Exercise aim:
Everything in the records below must be repeated exactly, except the pictures.
_ _ _ _ _
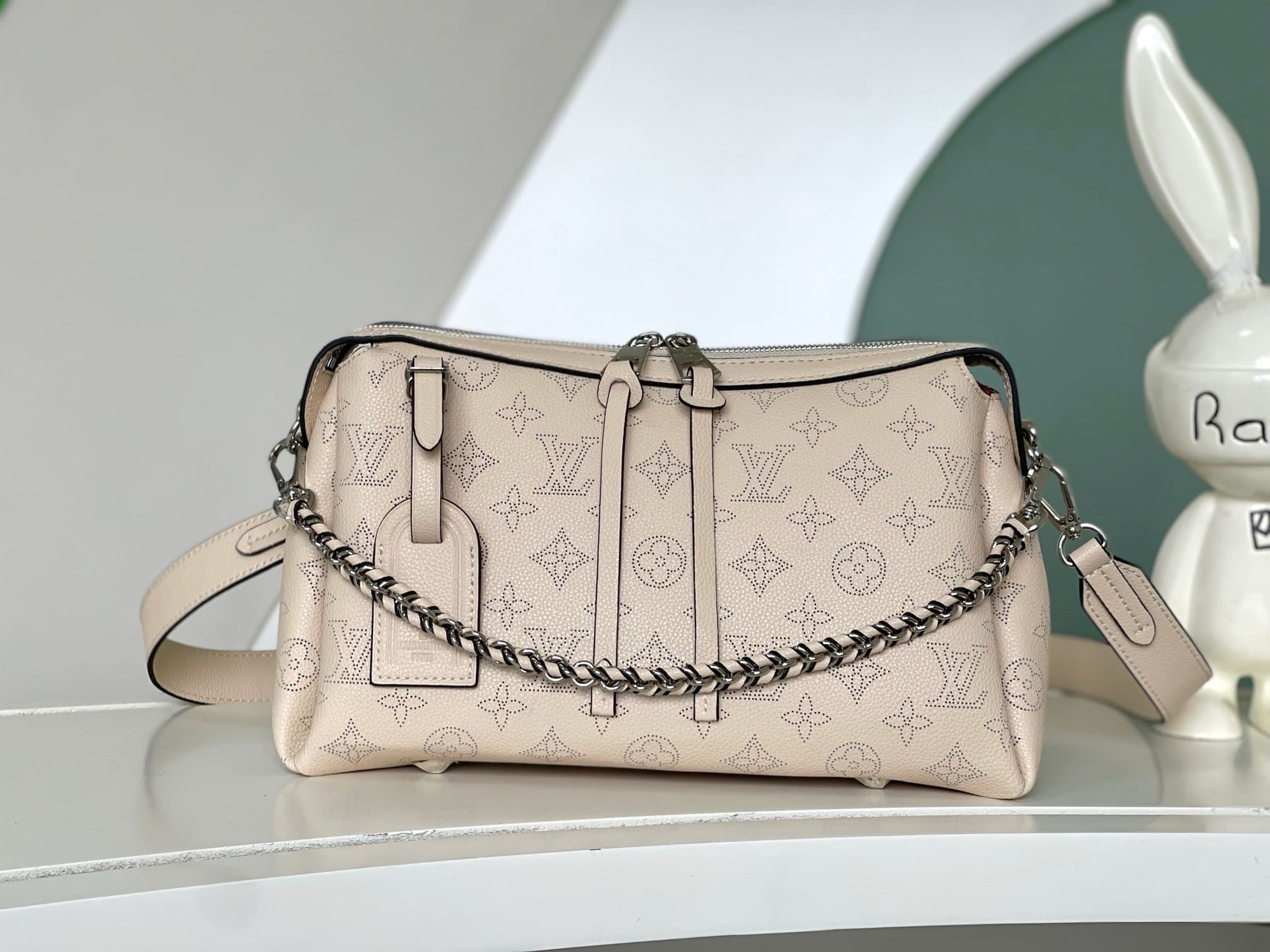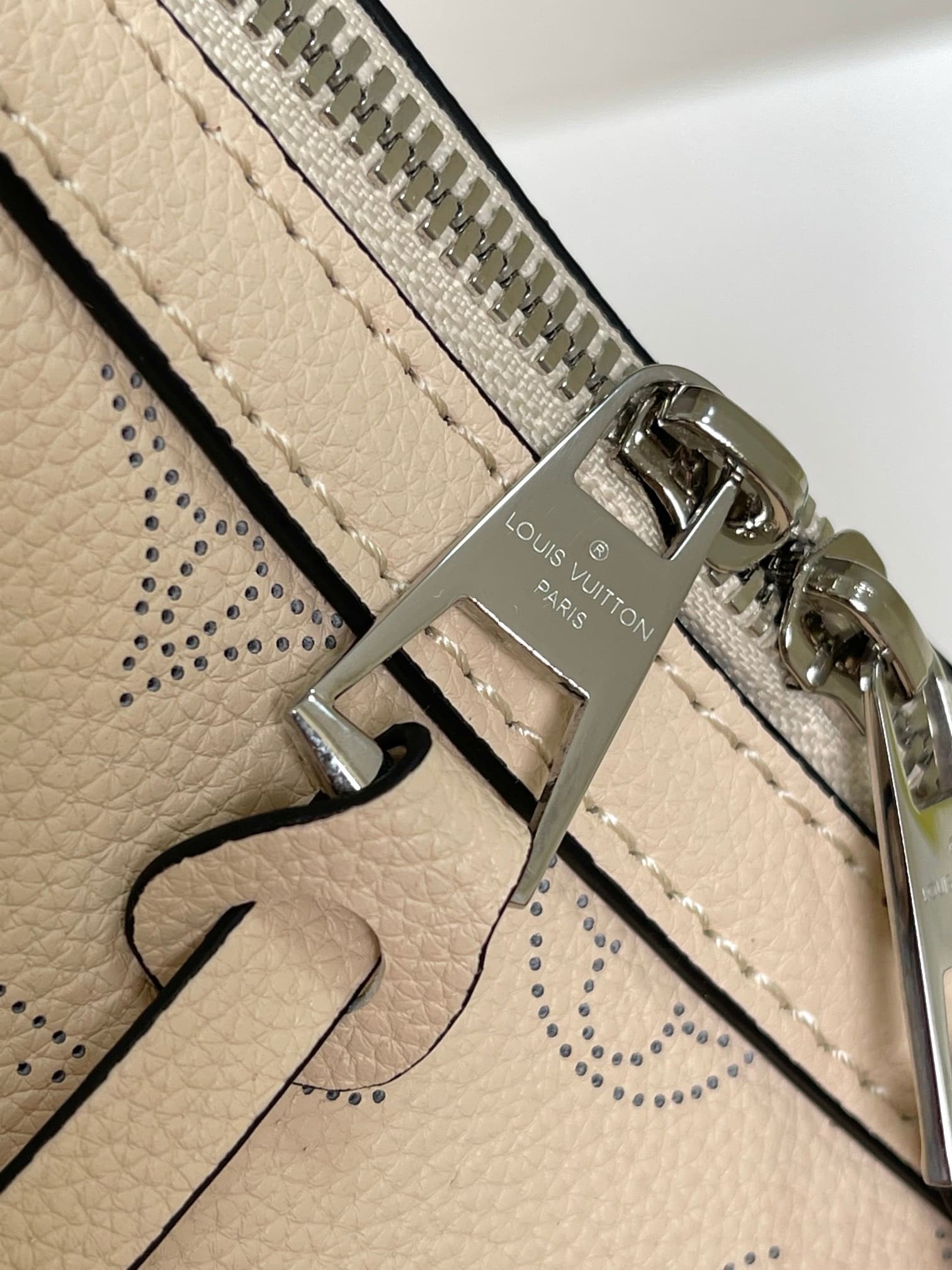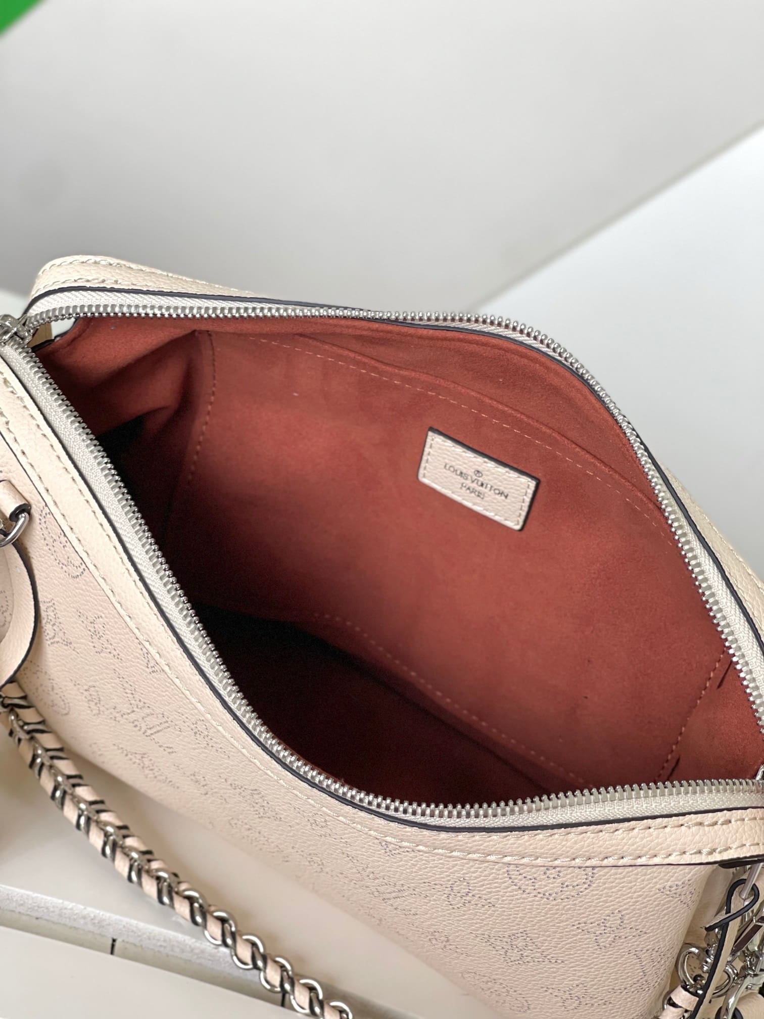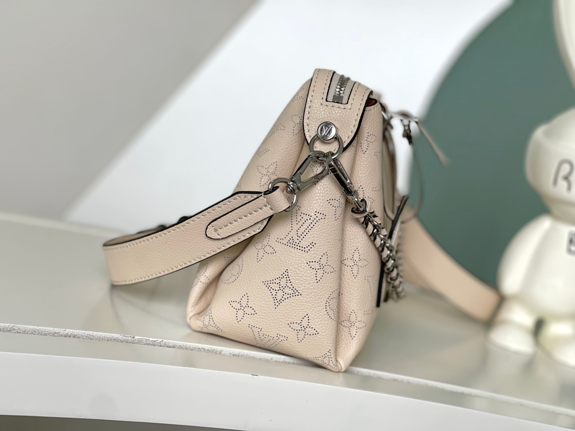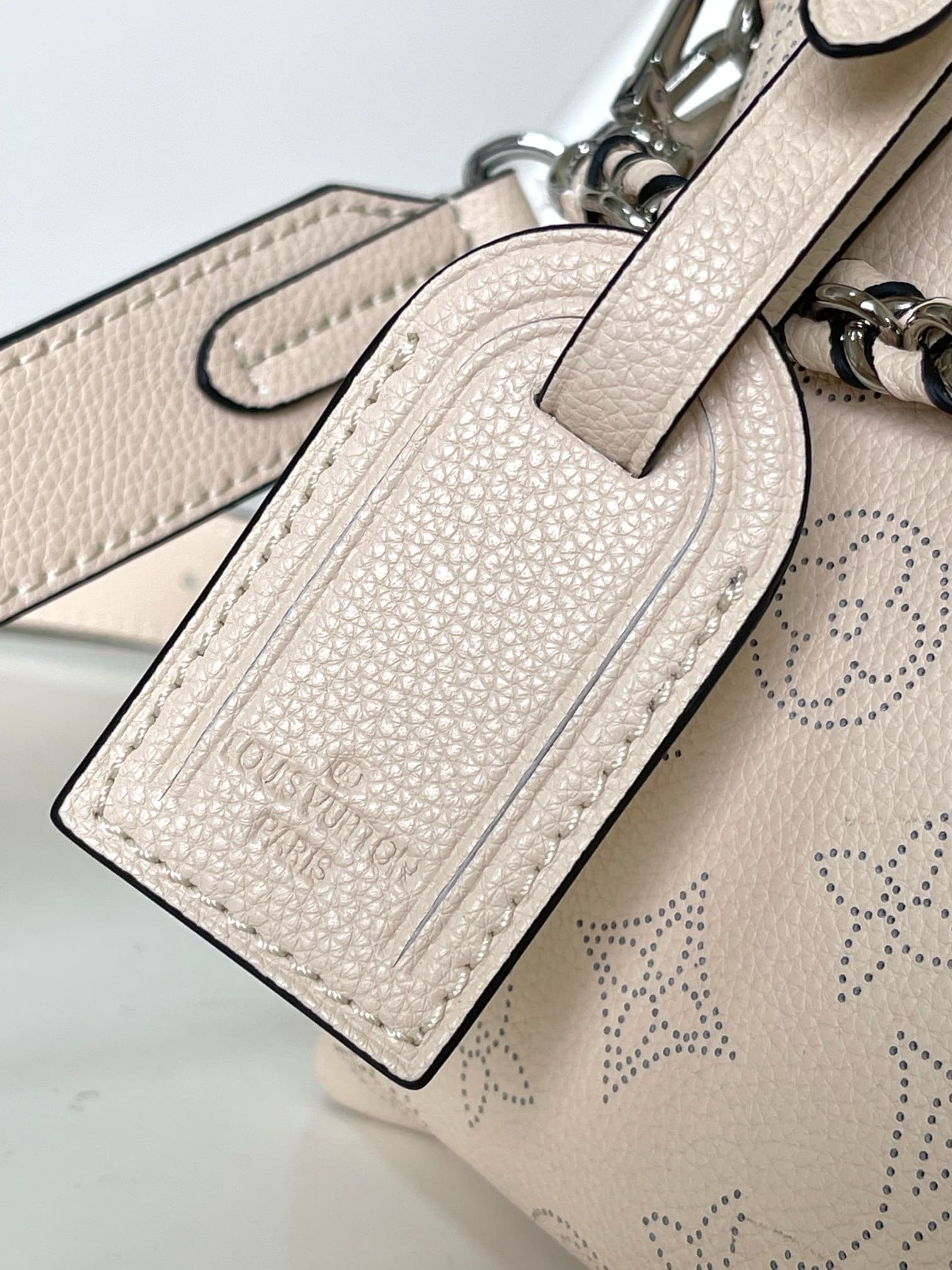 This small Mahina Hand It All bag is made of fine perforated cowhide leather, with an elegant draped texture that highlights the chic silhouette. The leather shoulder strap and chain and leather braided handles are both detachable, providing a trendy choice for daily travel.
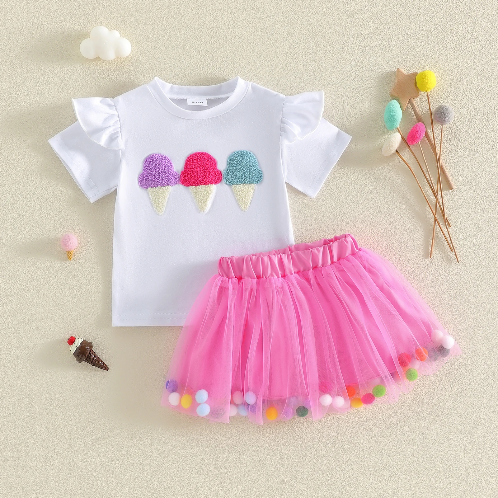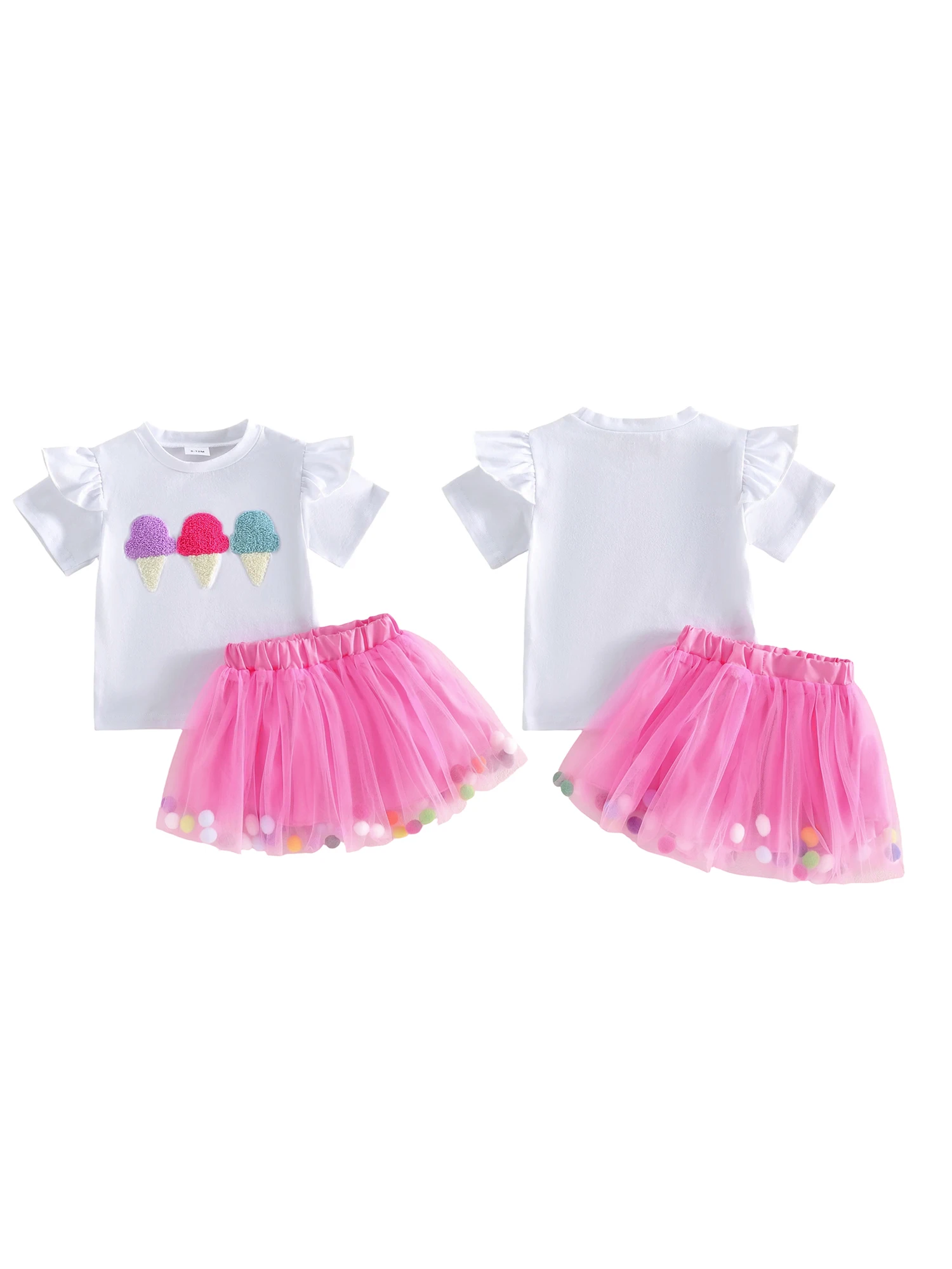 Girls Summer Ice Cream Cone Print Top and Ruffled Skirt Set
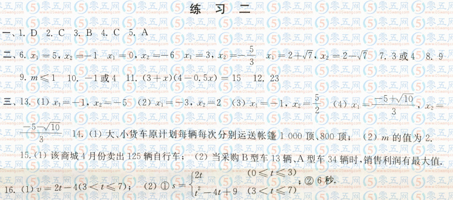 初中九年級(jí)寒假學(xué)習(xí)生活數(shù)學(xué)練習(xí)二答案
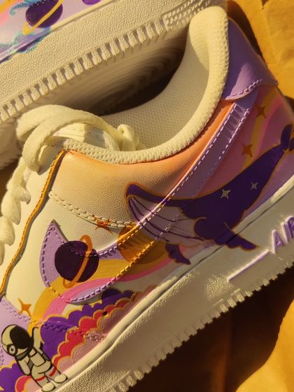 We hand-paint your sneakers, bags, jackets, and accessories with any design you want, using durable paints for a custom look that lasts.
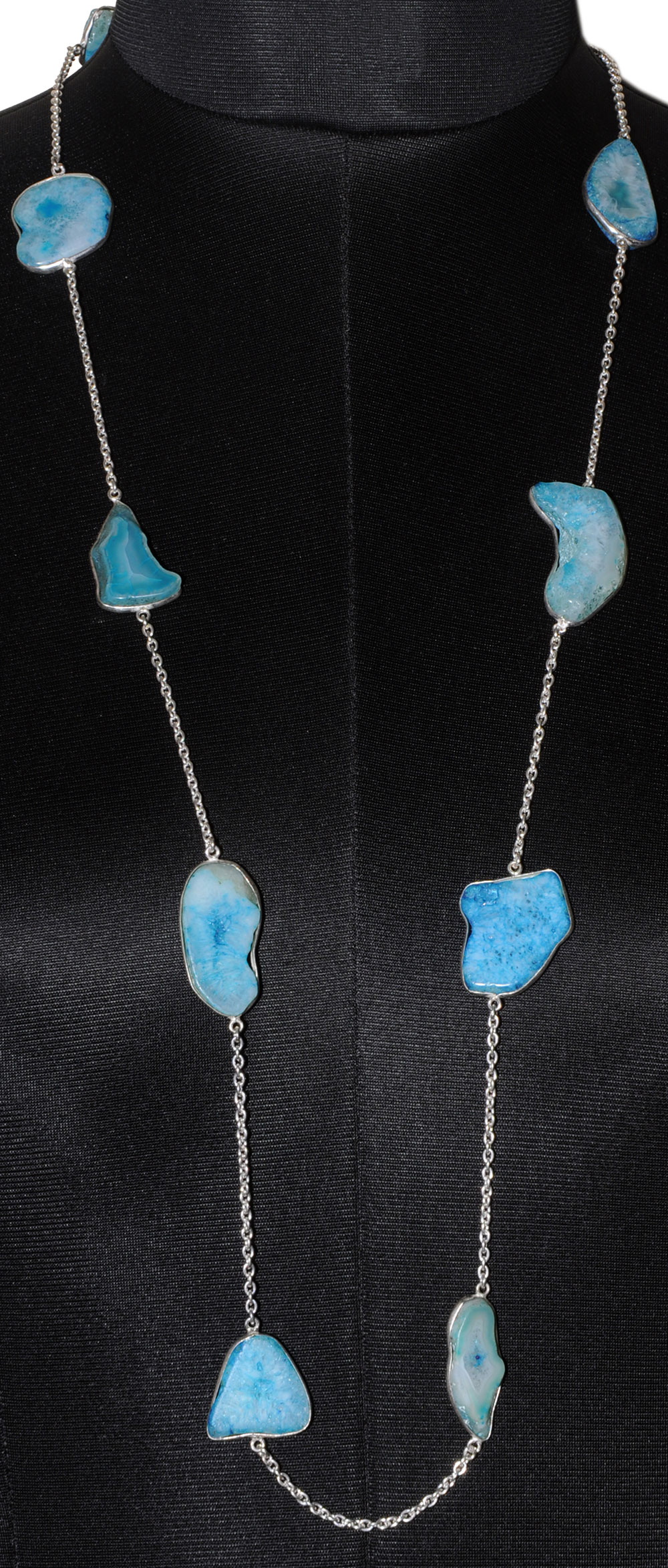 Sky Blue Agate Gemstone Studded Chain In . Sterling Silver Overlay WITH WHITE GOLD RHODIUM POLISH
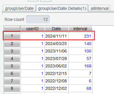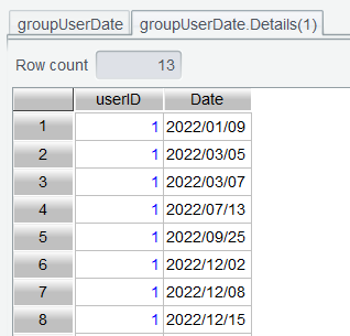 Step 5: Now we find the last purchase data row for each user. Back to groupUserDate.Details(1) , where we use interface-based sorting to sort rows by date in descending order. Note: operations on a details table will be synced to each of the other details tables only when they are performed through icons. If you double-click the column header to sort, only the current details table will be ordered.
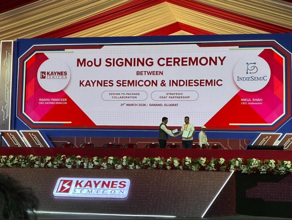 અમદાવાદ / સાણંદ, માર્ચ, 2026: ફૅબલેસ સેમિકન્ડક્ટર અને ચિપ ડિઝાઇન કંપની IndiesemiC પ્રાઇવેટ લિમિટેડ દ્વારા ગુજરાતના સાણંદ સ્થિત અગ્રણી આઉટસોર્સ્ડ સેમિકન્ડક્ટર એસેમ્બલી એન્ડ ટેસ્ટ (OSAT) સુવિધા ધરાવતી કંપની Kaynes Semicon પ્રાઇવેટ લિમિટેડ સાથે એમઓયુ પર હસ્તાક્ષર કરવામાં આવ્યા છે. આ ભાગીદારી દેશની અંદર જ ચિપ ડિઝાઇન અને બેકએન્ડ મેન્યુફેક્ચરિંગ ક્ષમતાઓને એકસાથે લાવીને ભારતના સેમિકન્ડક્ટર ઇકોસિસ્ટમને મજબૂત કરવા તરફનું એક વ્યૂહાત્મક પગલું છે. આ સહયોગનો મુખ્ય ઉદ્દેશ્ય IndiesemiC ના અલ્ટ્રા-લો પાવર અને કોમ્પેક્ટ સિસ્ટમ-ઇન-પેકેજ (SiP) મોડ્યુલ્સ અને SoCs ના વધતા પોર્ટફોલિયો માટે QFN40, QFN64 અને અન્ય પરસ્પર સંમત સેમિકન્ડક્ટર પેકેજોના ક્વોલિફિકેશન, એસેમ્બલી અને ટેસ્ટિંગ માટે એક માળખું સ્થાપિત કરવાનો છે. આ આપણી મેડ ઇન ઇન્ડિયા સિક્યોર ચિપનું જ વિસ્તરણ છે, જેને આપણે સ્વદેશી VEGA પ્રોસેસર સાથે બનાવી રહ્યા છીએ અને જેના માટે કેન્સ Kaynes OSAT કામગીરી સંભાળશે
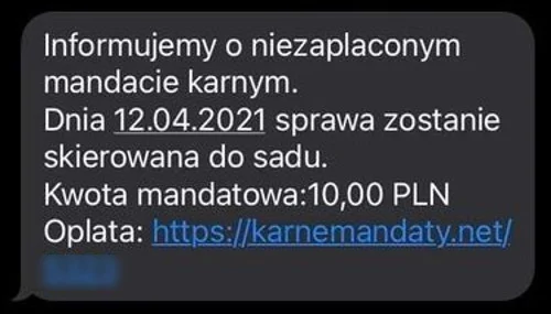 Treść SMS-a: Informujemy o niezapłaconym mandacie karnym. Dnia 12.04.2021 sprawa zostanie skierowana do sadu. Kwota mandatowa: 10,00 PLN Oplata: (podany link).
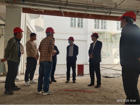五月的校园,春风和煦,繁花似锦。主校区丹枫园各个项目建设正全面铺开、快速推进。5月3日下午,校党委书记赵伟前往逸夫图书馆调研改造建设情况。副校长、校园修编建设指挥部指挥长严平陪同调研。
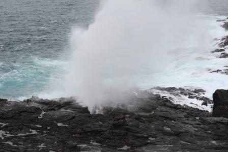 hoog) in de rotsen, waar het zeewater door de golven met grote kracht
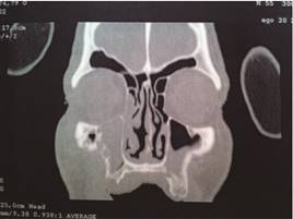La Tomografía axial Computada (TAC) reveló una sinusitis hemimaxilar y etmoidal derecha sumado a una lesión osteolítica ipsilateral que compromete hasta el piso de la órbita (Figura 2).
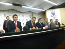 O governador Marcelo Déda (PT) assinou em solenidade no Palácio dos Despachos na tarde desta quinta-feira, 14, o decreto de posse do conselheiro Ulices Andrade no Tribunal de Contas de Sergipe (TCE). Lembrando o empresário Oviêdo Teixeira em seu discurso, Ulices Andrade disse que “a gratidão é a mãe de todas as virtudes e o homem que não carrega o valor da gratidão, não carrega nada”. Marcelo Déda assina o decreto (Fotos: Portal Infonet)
_ _ _ _ _
Reply:
 This small Mahina Hand It All bag is made of fine perforated cowhide leather, with an elegant draped texture that highlights the chic silhouette. The leather shoulder strap and chain and leather braided handles are both detachable, providing a trendy choice for daily travel.
 Girls Summer Ice Cream Cone Print Top and Ruffled Skirt Set
 初中九年級(jí)寒假學(xué)習(xí)生活數(shù)學(xué)練習(xí)二答案
 We hand-paint your sneakers, bags, jackets, and accessories with any design you want, using durable paints for a custom look that lasts.
 Sky Blue Agate Gemstone Studded Chain In . Sterling Silver Overlay WITH WHITE GOLD RHODIUM POLISH
 Step 5: Now we find the last purchase data row for each user. Back to groupUserDate.Details(1) , where we use interface-based sorting to sort rows by date in descending order. Note: operations on a details table will be synced to each of the other details tables only when they are performed through icons. If you double-click the column header to sort, only the current details table will be ordered.
 અમદાવાદ / સાણંદ, માર્ચ, 2026: ફૅબલેસ સેમિકન્ડક્ટર અને ચિપ ડિઝાઇન કંપની IndiesemiC પ્રાઇવેટ લિમિટેડ દ્વારા ગુજરાતના સાણંદ સ્થિત અગ્રણી આઉટસોર્સ્ડ સેમિકન્ડક્ટર એસેમ્બલી એન્ડ ટેસ્ટ (OSAT) સુવિધા ધરાવતી કંપની Kaynes Semicon પ્રાઇવેટ લિમિટેડ સાથે એમઓયુ પર હસ્તાક્ષર કરવામાં આવ્યા છે. આ ભાગીદારી દેશની અંદર જ ચિપ ડિઝાઇન અને બેકએન્ડ મેન્યુફેક્ચરિંગ ક્ષમતાઓને એકસાથે લાવીને ભારતના સેમિકન્ડક્ટર ઇકોસિસ્ટમને મજબૂત કરવા તરફનું એક વ્યૂહાત્મક પગલું છે. આ સહયોગનો મુખ્ય ઉદ્દેશ્ય IndiesemiC ના અલ્ટ્રા-લો પાવર અને કોમ્પેક્ટ સિસ્ટમ-ઇન-પેકેજ (SiP) મોડ્યુલ્સ અને SoCs ના વધતા પોર્ટફોલિયો માટે QFN40, QFN64 અને અન્ય પરસ્પર સંમત સેમિકન્ડક્ટર પેકેજોના ક્વોલિફિકેશન, એસેમ્બલી અને ટેસ્ટિંગ માટે એક માળખું સ્થાપિત કરવાનો છે. આ આપણી મેડ ઇન ઇન્ડિયા સિક્યોર ચિપનું જ વિસ્તરણ છે, જેને આપણે સ્વદેશી VEGA પ્રોસેસર સાથે બનાવી રહ્યા છીએ અને જેના માટે કેન્સ Kaynes OSAT કામગીરી સંભાળશે
 Treść SMS-a: Informujemy o niezapłaconym mandacie karnym. Dnia 12.04.2021 sprawa zostanie skierowana do sadu. Kwota mandatowa: 10,00 PLN Oplata: (podany link).
五月的校园,春风和煦,繁花似锦。主校区丹枫园各个项目建设正全面铺开、快速推进。5月3日下午,校党委书记赵伟前往逸夫图书馆调研改造建设情况。副校长、校园修编建设指挥部指挥长严平陪同调研。
 hoog) in de rotsen, waar het zeewater door de golven met grote kracht
La Tomografía axial Computada (TAC) reveló una sinusitis hemimaxilar y etmoidal derecha sumado a una lesión osteolítica ipsilateral que compromete hasta el piso de la órbita (Figura 2).
 O governador Marcelo Déda (PT) assinou em solenidade no Palácio dos Despachos na tarde desta quinta-feira, 14, o decreto de posse do conselheiro Ulices Andrade no Tribunal de Contas de Sergipe (TCE). Lembrando o empresário Oviêdo Teixeira em seu discurso, Ulices Andrade disse que “a gratidão é a mãe de todas as virtudes e o homem que não carrega o valor da gratidão, não carrega nada”. Marcelo Déda assina o decreto (Fotos: Portal Infonet)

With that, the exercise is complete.